The twin track scheme was unveiled suddenly and has befuddled some patients. “We received last minute communication about it,” says Louise Douglas, a GP in Belfast. “People have been phoning us saying, ‘We can’t get an appointment’ or, ‘We don’t want to go to the vaccination centre, we want to come to you.’” The BMJ has also heard reports of patients in England left confused after they received requests from both their local GP practice and the separate mass vaccination team to come for vaccination. While noting good progress overall, Douglas expresses frustration over being “drip fed” inconsistent and often relatively small batches of doses. “We’re only being given 100 at a time,” she said. “Unfortunately, that means that we cannot communicate in advance to our patients.”

A week after speaking to The BMJ, Douglas’s clinic received enough to vaccinate 550 people in one day. Ollie Hart, a GP in Sheffield, says that the first delivery of vaccine doses his practice received was double the number he and colleagues expected—nearly 400 in total. “It was literally the day before, we found that out,” he says. He adds that his practice could, in principle, routinely administer hundreds more vaccines per week than at present, were the supplies available and their delivery clearly communicated in advance.

An NHS spokesperson told The BMJ, “Vaccines delivered to the NHS are sent out as soon as possible to vaccination sites, with as much notice given of delivery dates as possible, as supplies come online and are made available to the NHS.”

There are measurable disparities in the density of vaccine doses administered so far. Officials have sought to smooth things out, though not without controversy. Doses were redirected from Yorkshire and the north east of England because those areas had vaccinated a higher proportion of their over 80 cohort than parts of southern England.8 Hart, whose practice is in Yorkshire, says it is “normal” to see disparities in the rate of vaccination between different parts of the country. “This obsession with keeping everybody absolutely level does seem a little bit strange,” he adds.
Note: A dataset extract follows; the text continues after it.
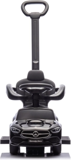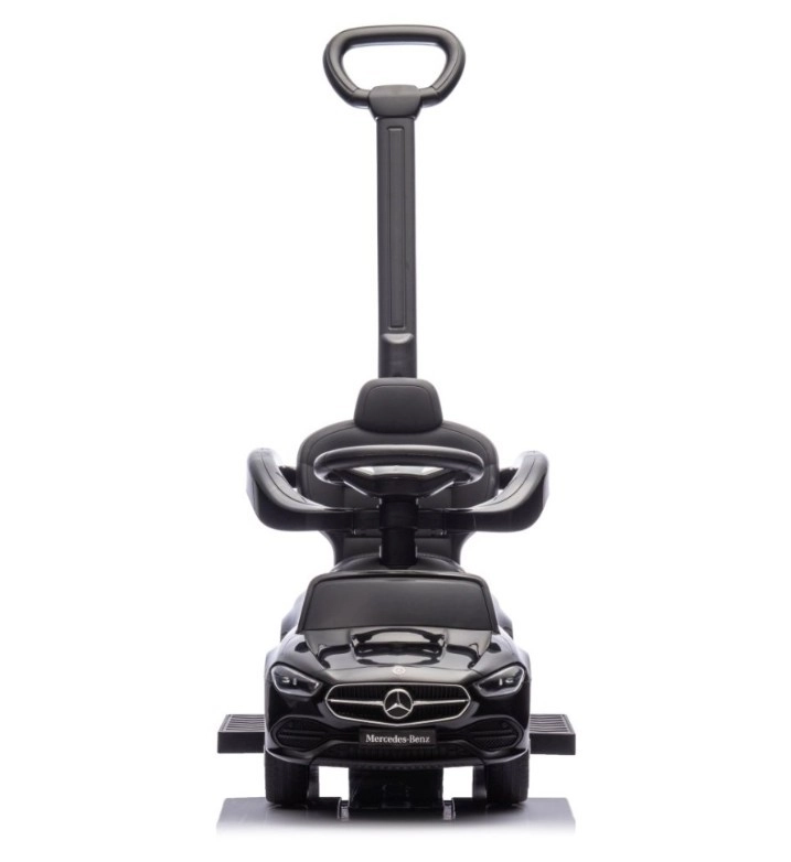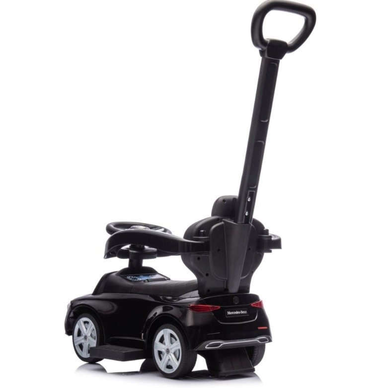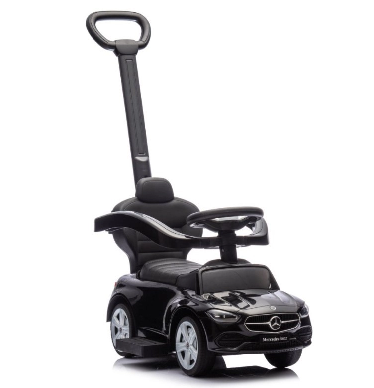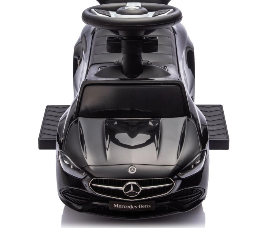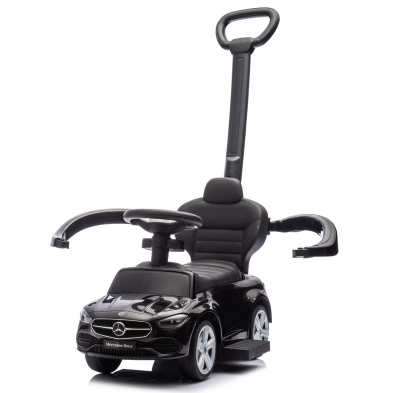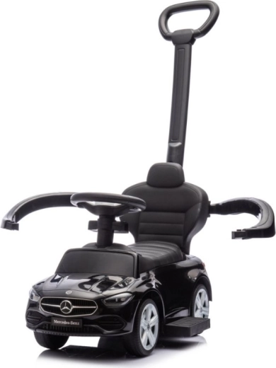 Stílusos gyerek tolóbicikli MERCEDES C‑Class elegáns fekete színben, élethű megjelenéssel, biztonságos haladással és kényelmes használattal a kis sofőröknek. A vezetőrúdnak, oldalsó védőkorlátoknak, felhajtható lábtartóknak és a ülés alatti tárolórekesznek köszönhetően ideális az első kiruccanásokhoz és az otthoni játékhoz, miközben támogatja a motoros készségek és a koordináció fejlődését.

Still, there are challenges in comprehensively vaccinating every community. Some black and ethnic minority groups are more hesitant about getting vaccinated, in part because of concerns over whether ingredients in jabs are compatible with their religious or cultural beliefs. Nadra Ahmed, the executive chairman of the National Care Association, says that this is one reason why some staff at care home organisations have still not been vaccinated.

Production

Neither AstraZeneca nor Pfizer has made known the number of doses supplied to the UK so far, though Pfizer told Sky News in early January that 21 shipments had been delivered.9 When asked by The BMJ, a spokesperson declined to give the latest figure of shipments made or clarify how many doses were contained in each shipment. AstraZeneca did not respond to requests for comment on the progress of its deliveries.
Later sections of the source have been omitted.